Towards Deep Learning Models Resistant to Large Perturbations
This addresses the need for more robust machine learning models against strong adversarial attacks, though it is incremental as it builds on existing adversarial training methods.
The paper tackles the problem of training deep learning models resistant to large adversarial perturbations, showing that standard adversarial training fails at high noise levels, and proposes a weight initialization method that enables learning with perturbations up to ε≈0.40 on MNIST and ε≈32/255 on CIFAR10.

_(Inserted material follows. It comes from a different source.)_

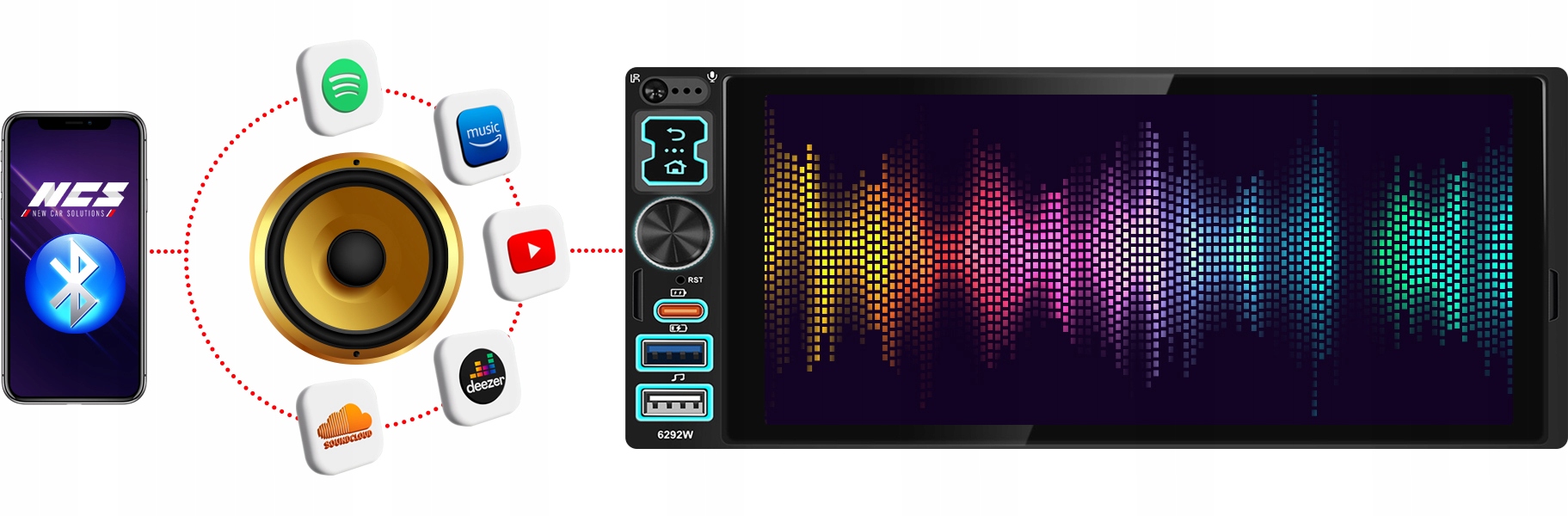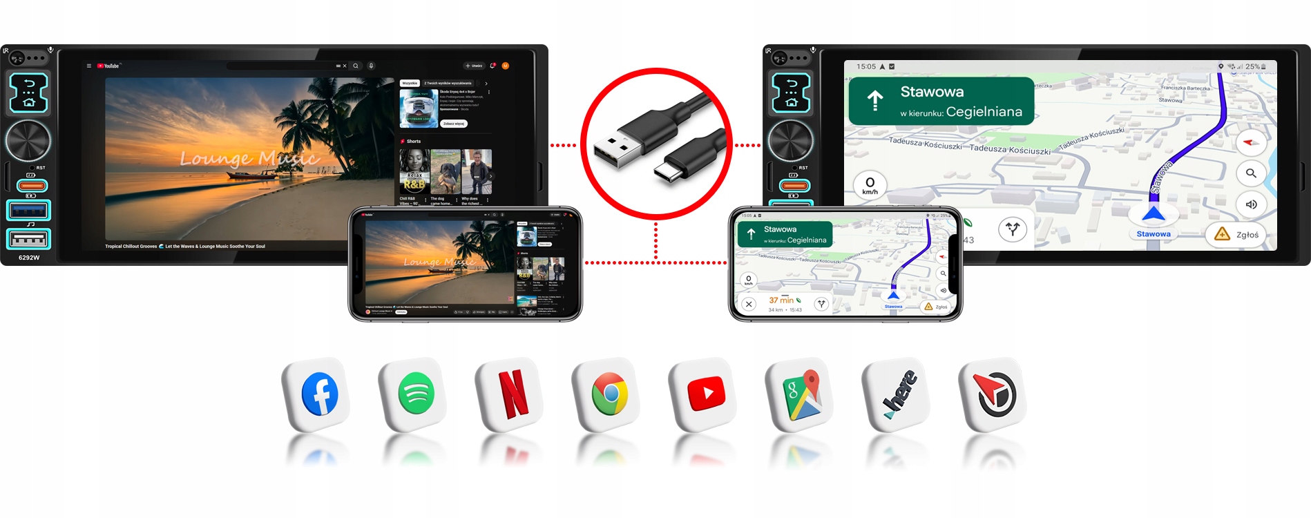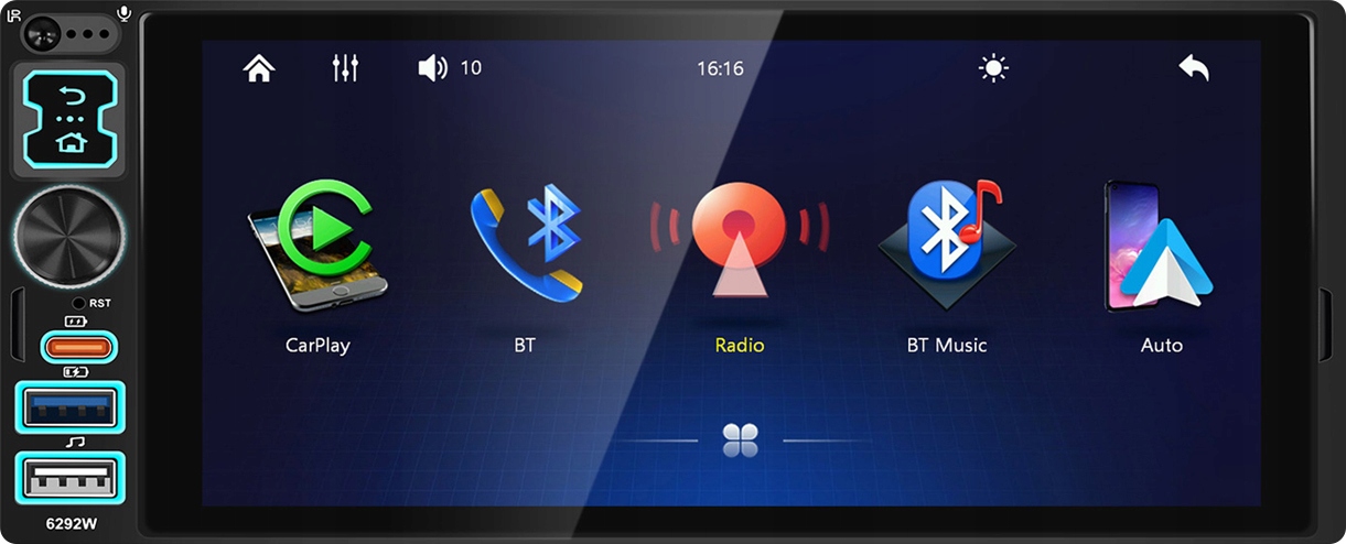 Díky třem USB portům (2× USB a 1× USB-C) můžete současně nabíjet dva telefony a zároveň používat USB flash disk. Rádio lze také připojit k telefonu kabelem a využívat Apple CarPlay nebo Android Auto – telefon se při kabelovém připojení nebude vybíjet tak rychle jako při bezdrátovém spojení.

Adversarial robustness has proven to be a required property of machine learning algorithms. A key and often overlooked aspect of this problem is to try to make the adversarial noise magnitude as large as possible to enhance the benefits of the model robustness. We show that the well-established algorithm called "adversarial training" fails to train a deep neural network given a large, but reasonable, perturbation magnitude. In this paper, we propose a simple yet effective initialization of the network weights that makes learning on higher levels of noise possible. We next evaluate this idea rigorously on MNIST ($ε$ up to $\approx 0.40$) and CIFAR10 ($ε$ up to $\approx 32/255$) datasets assuming the $\ell_{\infty}$ attack model. Additionally, in order to establish the limits of $ε$ in which the learning is feasible, we study the optimal robust classifier assuming full access to the joint data and label distribution. Then, we provide some theoretical results on the adversarial accuracy for a simple multi-dimensional Bernoulli distribution, which yields some insights on the range of feasible perturbations for the MNIST dataset.